• **Exercise**: Write each line out exactly, from the one containing "661 to Oceanside" through the final line of the data, and keep pictures out of the copy.

Stored data entries:
───

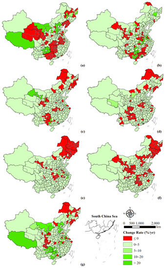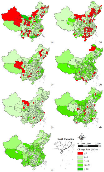 Spatial variation of the change rate of construction land during 1990–1995 (a), 1995–2000 (b), 2000–2005 (c), 2005–2010 (d), 2010–2015 (e), 2015–2018 (f), and 1990–2018 (g). Note: 0–5 is low–speed expansion, 5–10 is medium–speed expansion, 10–20 is rapid–speed expansion, and >20 is high–speed expansion.
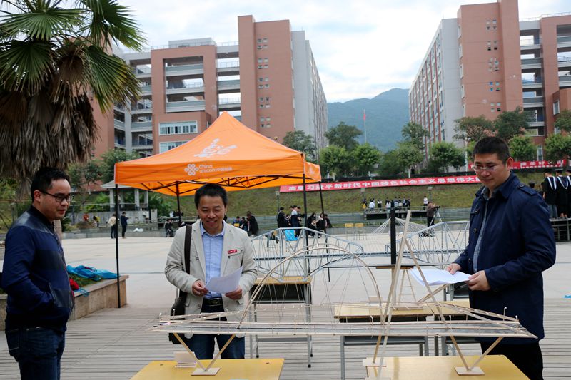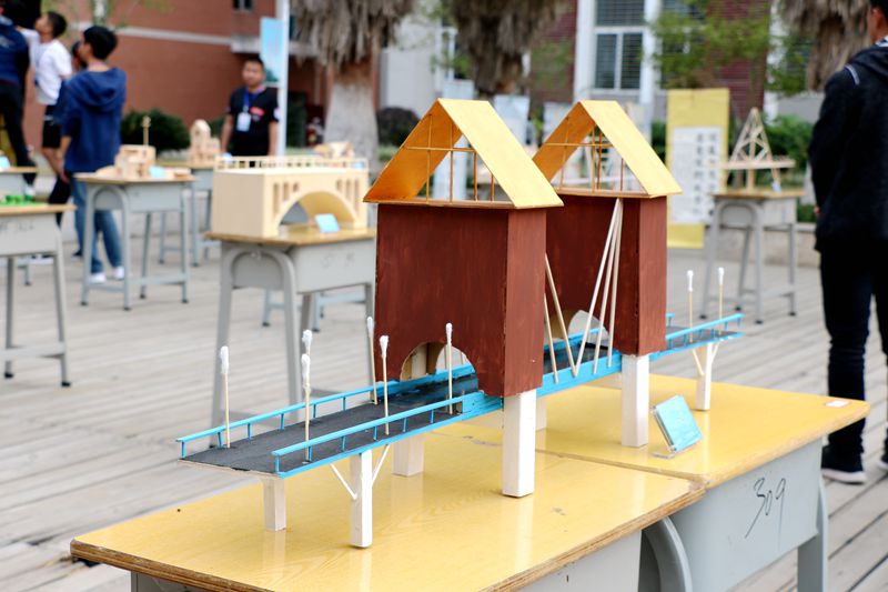 比赛现场引来很多师生驻足欣赏,许多专业老师到场担任了评委,他们依据参赛作品的构思、制作原理、制作材料等评选出优秀的作品。此次比赛将评选出桥梁类和房建类优秀作品各6件。
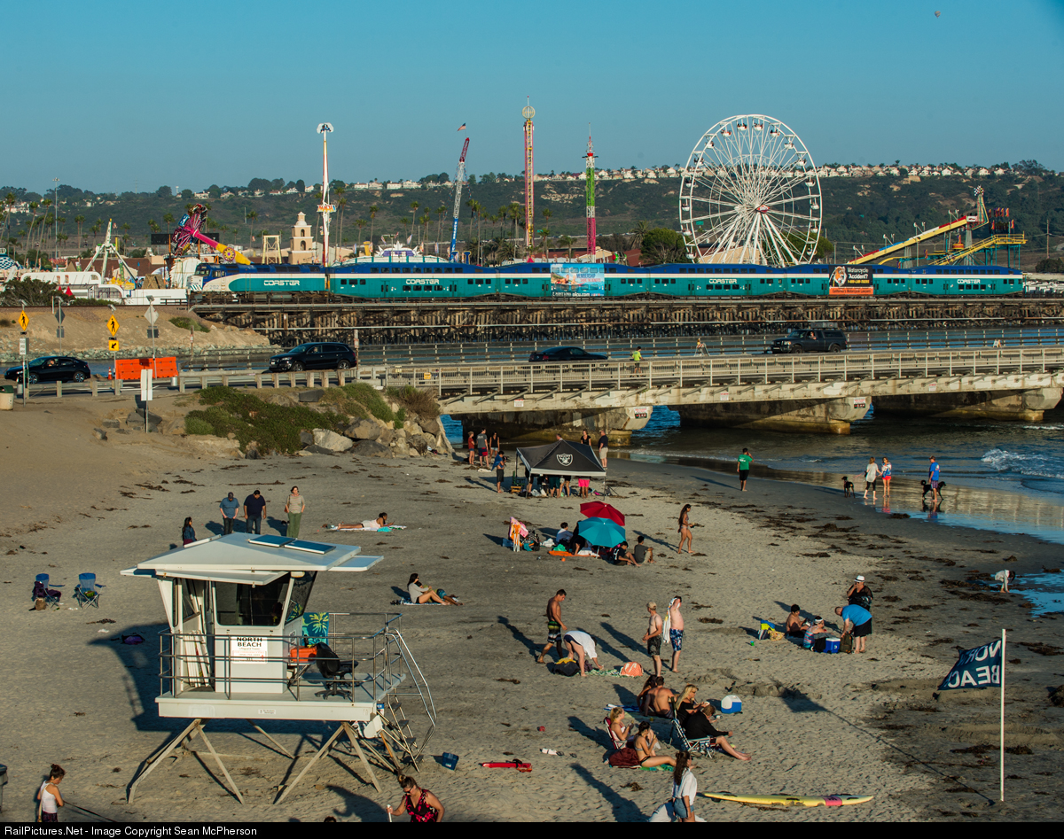 661 to Oceanside glides through Del Mar passing the annual San Diego Fair as many enjoy the holiday weekend on Del Mar's North Beach, a well known dog friendly beach.
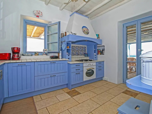 The villa is located in the most secluded and desirable part of Paros. The main house comprises a spacious double living room facing the sea, a small dining room, and a beautiful Cycladic kitchen. A short walk away are two bedrooms with en-suite bathrooms.
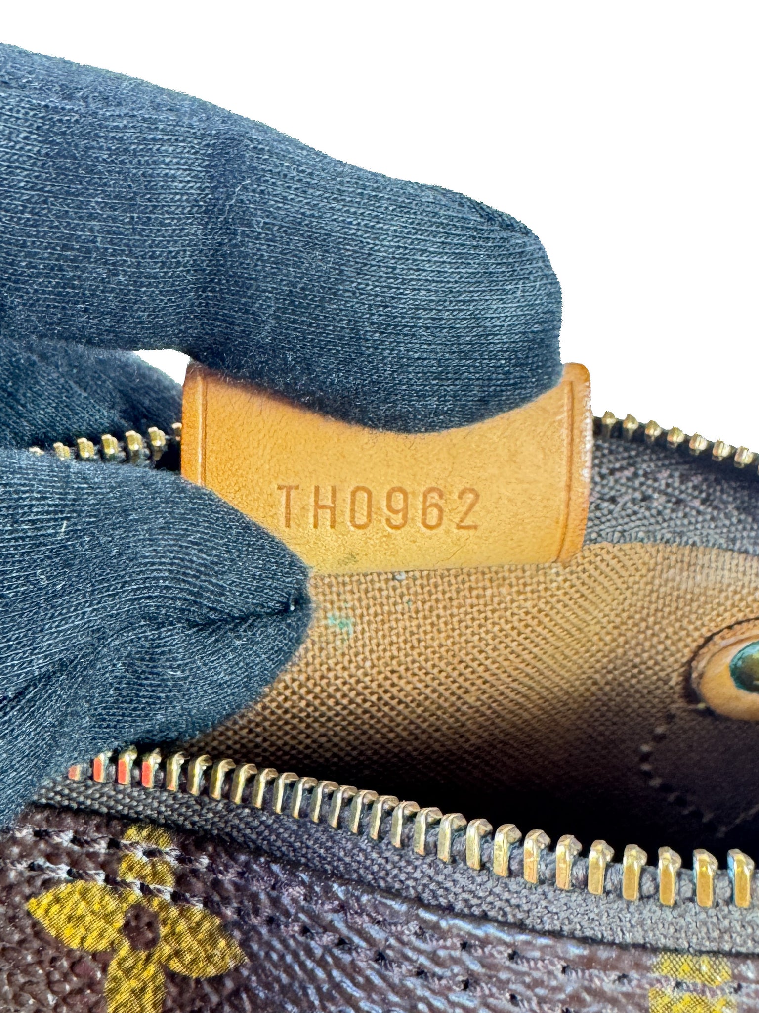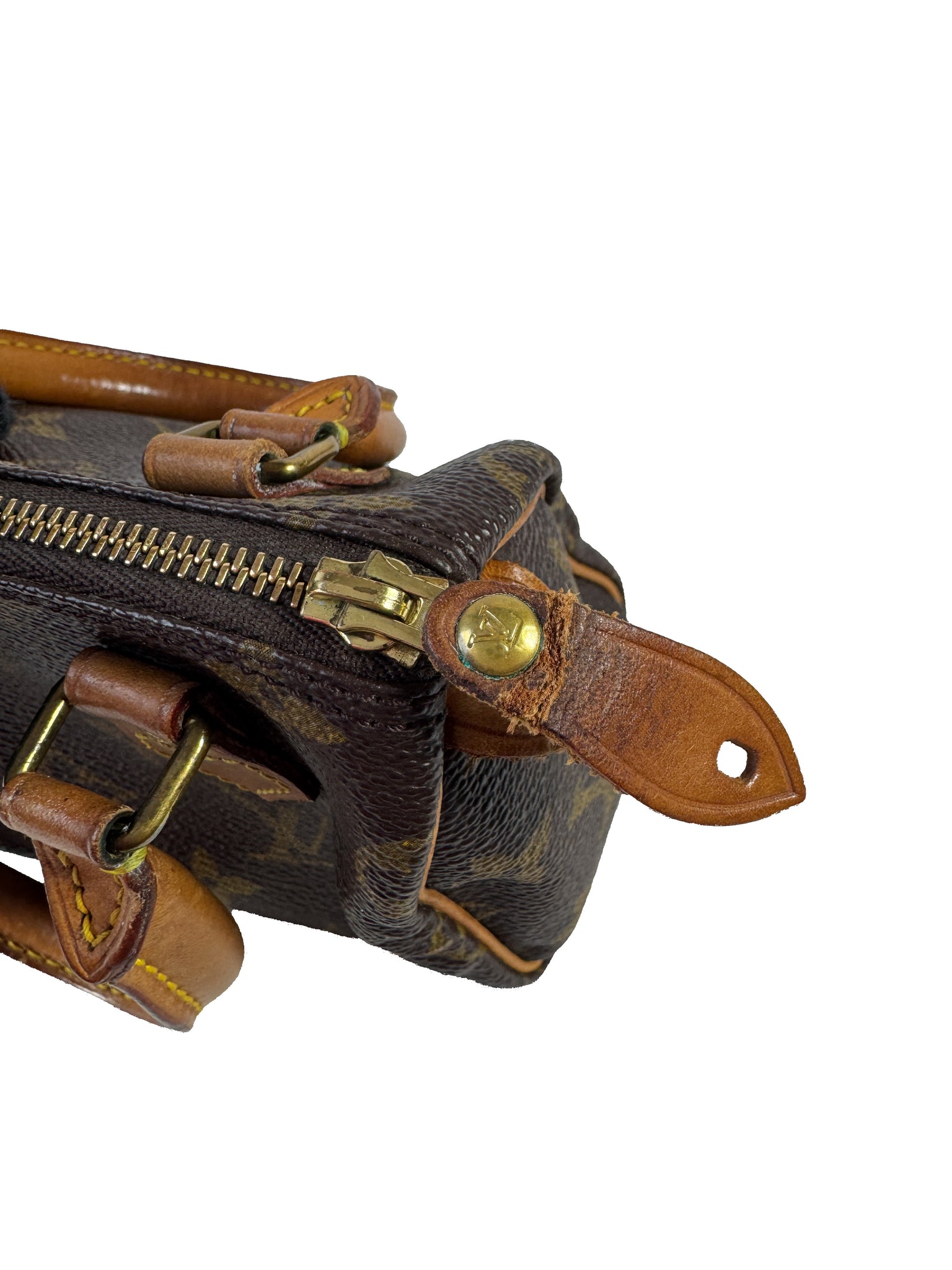 Condition: 7.5/10. Overall this vintage bag from 1992 is in very good condition. The handles have some cracking near the bases that may lead to a handle replacement sooner than later. The corners are in great condition and the interior is as well. We have it priced with the potential upcoming repair in mind. Leather zipper pull will need replaced but is still functional.

───

• **Task answer**:
 661 to Oceanside glides through Del Mar passing the annual San Diego Fair as many enjoy the holiday weekend on Del Mar's North Beach, a well known dog friendly beach.
 The villa is located in the most secluded and desirable part of Paros. The main house comprises a spacious double living room facing the sea, a small dining room, and a beautiful Cycladic kitchen. A short walk away are two bedrooms with en-suite bathrooms.
 Condition: 7.5/10. Overall this vintage bag from 1992 is in very good condition. The handles have some cracking near the bases that may lead to a handle replacement sooner than later. The corners are in great condition and the interior is as well. We have it priced with the potential upcoming repair in mind. Leather zipper pull will need replaced but is still functional.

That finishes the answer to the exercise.